A new malware campaign is targeting misconfigured Docker API instances, converting them into a cryptocurrency mining botnet. The primary goal of the attacks is to mine Dero cryptocurrency, and the campaign is particularly notable for its worm-like ability to spread the infection to other vulnerable Docker instances. According to Kaspersky, an unidentified threat actor gains initial access by exploiting publicly exposed Docker APIs on running container environments. Once inside, they use this access to deploy a cryptojacking operation, compromising existing containers and creating new ones to both mine cryptocurrency and spread the malware to additional networks.
The attack is carried out using two main components: a propagation tool named “nginx” and the “cloud” Dero miner, both written in Golang.
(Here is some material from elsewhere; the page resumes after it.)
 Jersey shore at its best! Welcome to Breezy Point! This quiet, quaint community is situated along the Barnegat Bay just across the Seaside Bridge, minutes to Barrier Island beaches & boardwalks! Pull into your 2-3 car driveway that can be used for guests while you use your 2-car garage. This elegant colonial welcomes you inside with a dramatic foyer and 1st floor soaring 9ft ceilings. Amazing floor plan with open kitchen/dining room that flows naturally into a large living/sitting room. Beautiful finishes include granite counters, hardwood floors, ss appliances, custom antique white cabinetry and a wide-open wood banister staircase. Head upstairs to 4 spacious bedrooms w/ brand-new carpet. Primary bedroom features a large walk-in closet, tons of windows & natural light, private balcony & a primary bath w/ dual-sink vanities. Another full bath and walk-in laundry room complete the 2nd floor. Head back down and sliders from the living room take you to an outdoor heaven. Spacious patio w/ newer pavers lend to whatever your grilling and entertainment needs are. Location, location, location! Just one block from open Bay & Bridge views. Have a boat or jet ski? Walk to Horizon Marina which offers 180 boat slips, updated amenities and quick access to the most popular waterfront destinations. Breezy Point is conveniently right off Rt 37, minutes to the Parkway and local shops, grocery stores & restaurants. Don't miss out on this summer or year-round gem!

The use of the name “nginx” appears to be an intentional ploy to disguise the malware as the legitimate web server and avoid detection. This propagation tool performs multiple tasks: it logs malware activity, launches the miner, and enters an infinite loop to scan random IPv4 subnets for Docker instances with the default API port (2375) open. For each potential target, it checks whether the remote Docker daemon (dockerd) is active. If it fails to execute the docker -H ps command, it moves on to the next IP address.
Once a responsive Docker daemon is found, “nginx” generates a random 12-character name for a new malicious container on the target system. It then prepares the container by updating packages using the docker -H exec apt-get -yq update command. Next, it installs masscan and docker.io to enable scanning of external networks and interaction with Docker daemons, facilitating the spread of the malware to other systems.
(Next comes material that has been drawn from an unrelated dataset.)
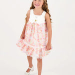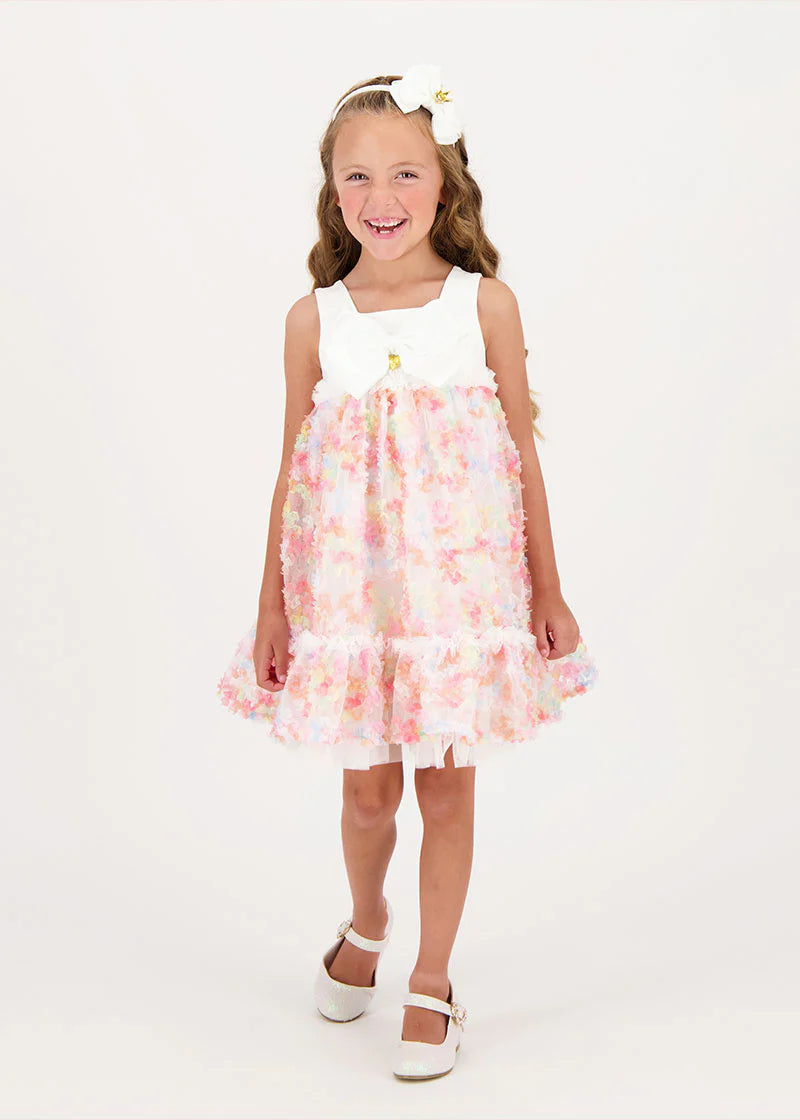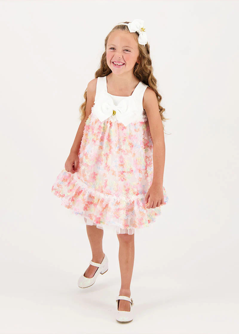 Grazioso abito multicolore bucaneve per bambina con voluminosa gonna in tulle 3D. il favoloso vestito presenta un fiocco in tessuto al centro del corpetto in cotone e si chiude sul retro con un ciondolo a cuore dorato.

In the final stage, both the “nginx” propagation tool and the “cloud” mining payload are transferred to the container using the command docker -H cp -L /usr/bin/ :/usr/bin. To establish persistence, “nginx” is added to the /root/.bash_aliases file, ensuring it launches automatically upon shell login. Notably, the malware is also designed to target and infect Ubuntu-based containers on remote vulnerable hosts. The end goal is to deploy the Dero cryptocurrency miner, which is based on the open-source DeroHE CLI miner available on GitHub.